Consumer food safety survey
Meanwhile, the Federal Food Safety and Veterinary Office (FSVO) has published results of a survey on risk perception and interest in food safety.

More than 1,100 people took part online and by telephone in September and October 2020. A total of 74 percent of the Swiss population said they have an interest in food safety.

However, Swiss people placed more importance on other things when shopping. The most crucial factor when buying food was origin, followed by taste and cost. A third mentioned food safety.
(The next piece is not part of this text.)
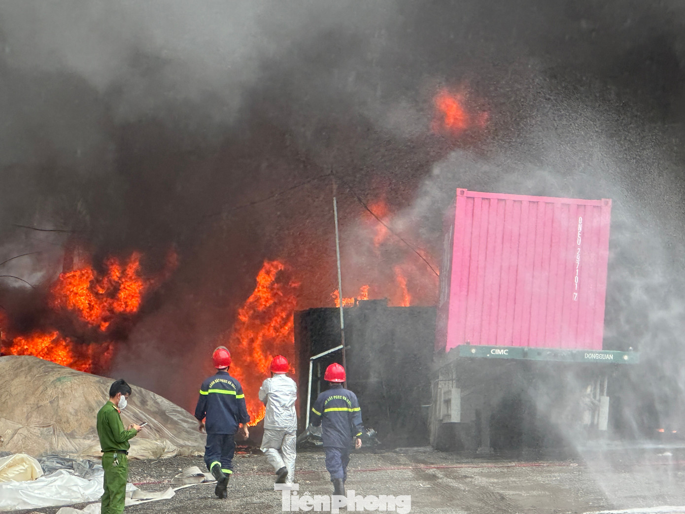 Đến 15h40 chiều cùng ngày, công tác chữa cháy vẫn đang được tiếp tục. Lực lượng PCCC đang phun bọt, khống chế hướng cháy, đồng thời phong tỏa khu vực để ngăn cháy lan sang khu dân cư xung quanh.

For around one in 10 people in Switzerland, food safety is the number one concern when choosing food and almost a third said it is one of their concerns. Only 5 percent indicated they are not at all concerned about safety.

The three main concerns cited by respondents were antibiotics, hormones or steroids in meat, pesticide residues and environmental pollutants in fish, meat or dairy products.

Three quarters of the population said they have changed their consumption behavior following reading information or hearing about a food risk. This includes 45 percent having permanently changed such behavior and 31 percent doing so temporarily.

Three in four people in Switzerland indicated their perception of food safety has not changed since the start of the coronavirus pandemic but one in five said it had been influenced by COVID-19.